Origin of power-law tails in the local viscous growth-rate distribution

Determine the physical mechanism responsible for the power-law tails observed in the probability distribution of the local viscous contribution to the decorrelator growth rate, defined as \(\lambda_\eta(\mathbf{x}) = [\nu\,\delta \mathbf{u}(\mathbf{x})\cdot \nabla^2 \delta \mathbf{u}(\mathbf{x})] / (|\delta \mathbf{u}(\mathbf{x})|^2/2)\), during the exponential-growth phase of the decorrelator in three-dimensional, forced, homogeneous and isotropic Navier–Stokes turbulence.

Background

The authors introduce spatially local growth-rate fields for the decorrelator by defining $$\lambda_S(\mathbf{x}) \equiv [\delta \mathbf{u}\cdot \mathbf{S} \cdot \delta \mathbf{u}]/(|\delta \mathbf{u}|^2/2)$$ and $$\lambda_\eta(\mathbf{x}) \equiv [\nu\,\delta \mathbf{u}\cdot \nabla^2 \delta \mathbf{u}]/(|\delta \mathbf{u}|^2/2)$$ during the exponential-growth phase. They report that the empirical distributions of these local exponents exhibit exponential tails for $\lambda_S(\mathbf{x})$ and power-law tails for $\lambda_\eta(\mathbf{x})$.

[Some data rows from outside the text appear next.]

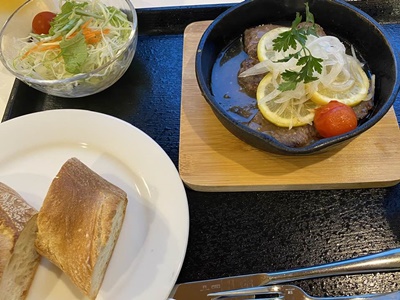 と思ったら43分には「ご用意できました」のアナウンス。早速行って、佐世保レモンステーキのセット。1800円。船内で焼いているというパンがおいしかったのでパンに。
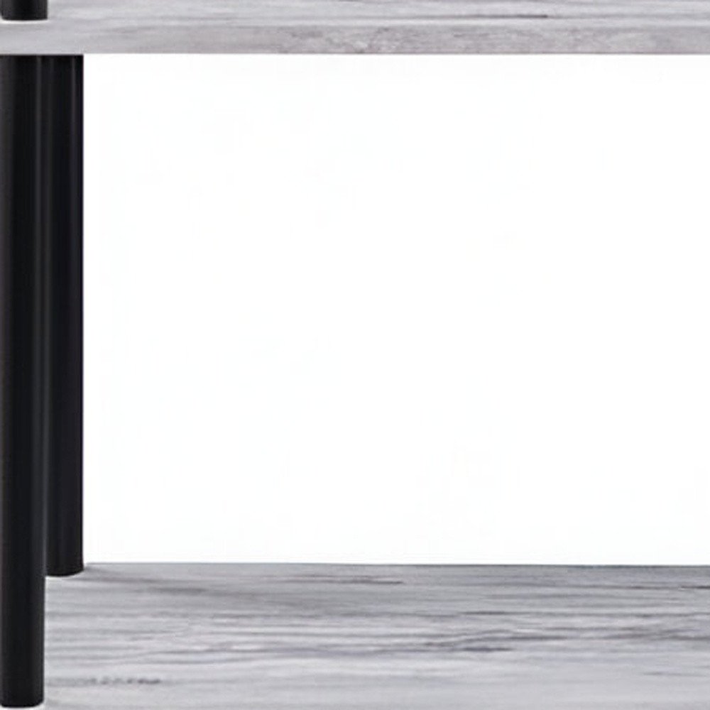 44" Antiqued White And Black Distressed Metal and Wood Four Tier Etagere Bookcase
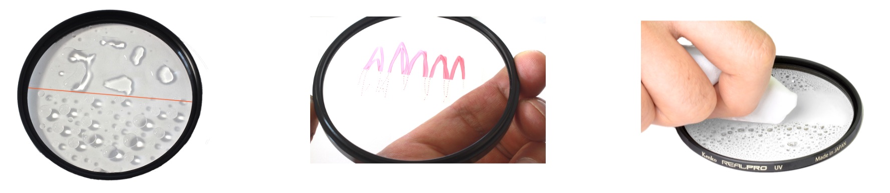 ANTI-STAIN COATING เทคโนโลยีการเคลือบผิวหน้าชิ้นแก้วชั้นสูงป้องกันละอองน้ำ ฝุ่นมาเกาะด้านหน้าช่วยให้สามารถเช็ดหรือเป่าออกไปได้ง่ายไม่ยึดเกาะที่พื้นผิวเปรียบเสมือนคราบน้ำมันที่ลอยตัวบนผิวน้ำ มีการทดสอบแบบโหดๆเพื่อให้เห็นภาพชัดเจน นั่นคือการนำปากกาเคมีที่เรียกว่า Papernant เขียนจะไม่ติดลงไปในเนื้อแก้ว แต่จะเขียนหมึกจะกลายเป็นหยดน้ำเวลาเช็ดก็ใช้กระดาษเช็ดเลนส์ซับเพียงเบาๆฟิลเตอร์ก็กลับมาใสเหมือนใหม่แล้ว นอกจากนั้นแต่ละชั้นยังมีเทคโนโลยีการป้องกันแสงสะท้อนช่วยให้แสงผ่านเข้าสู่เซ็นเซอร์ได้ชนิดที่เรียกว่าเสียน้อยมากๆเหมือนไม่เสีย เพื่อให้คุณมั่นใจว่าจะไม่ทำให้เลนส์เกรดโปรของคุณถูกลดทอนคุณภาพ แต่กลับเป็นช่วยถนอมอายุการใช้งานและลดความเสี่ยงที่ไม่จำเป็นออกไปกับสภาพมลภาวะในอากาศที่มากขึ้น
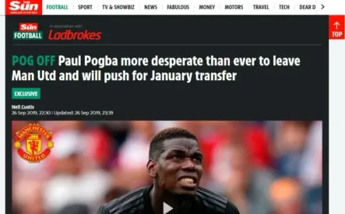 Según The Sun, Paul Pogba estaría “desesperado” por irse de los diablos rojos en enero. El francés no renovaría su contrato que se vence en 2021.
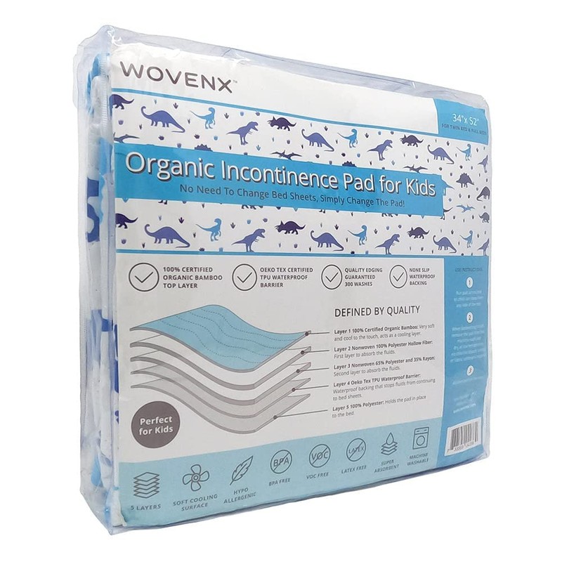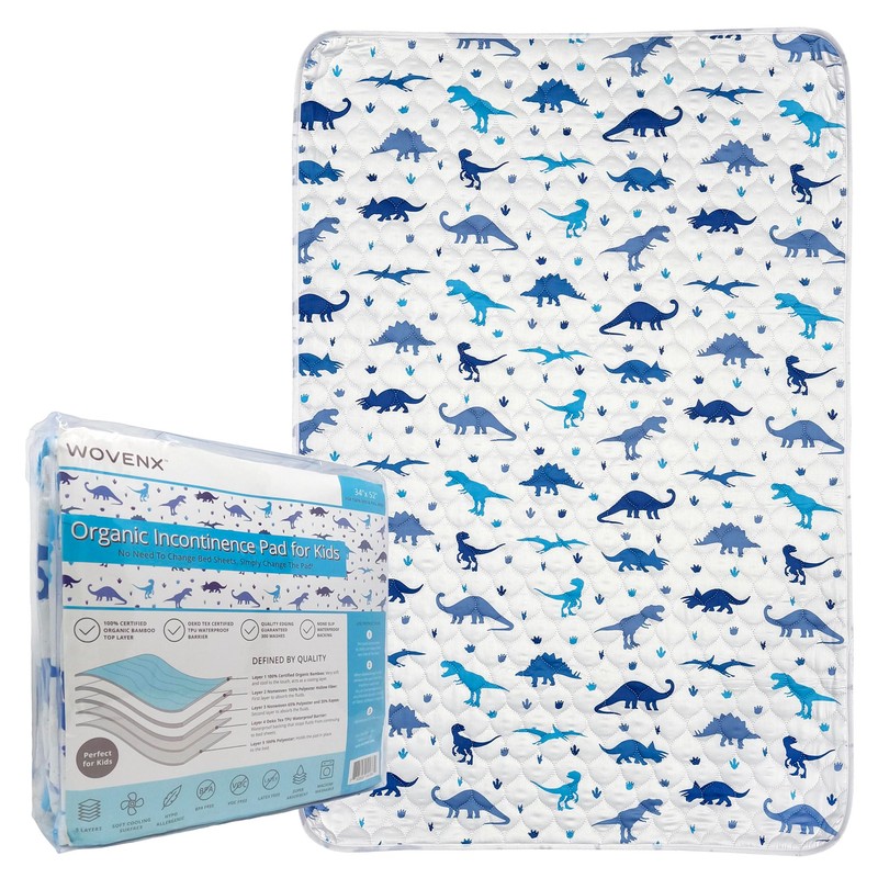 WOVENX Organic Incontinence Pads for Kids & Toddlers - 5 Layer Waterproof Protectors for Overnight Bed Wetting - Reusable & Washable Pee Pads - Fits Twin to Full Size Beds - 34" x 52" Dinosaur
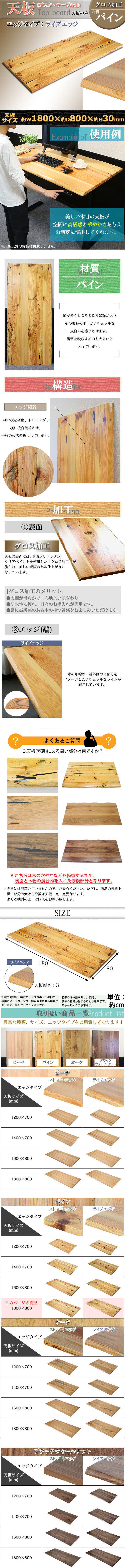 | 商品名 | 送料無料 天板 デスク テーブル 天板のみ パイン材 W1800×D800×H30mm パイン ライブエッジ グロス加工 高級 木製 木材 天然木 無垢材 耳付き 松 tenban180pineg |

These heavy tails suggest a connection to intermittency, but the detailed mechanism that yields the observed power-law behavior in $\lambda_\eta(\mathbf{x})$ is not established in the paper. The authors explicitly defer the determination of this origin to future work, motivating a focused paper of the statistics of $\beta_S$ and $\beta_\eta$, the spatially integrated strain and viscous contributions to decorrelator growth, respectively.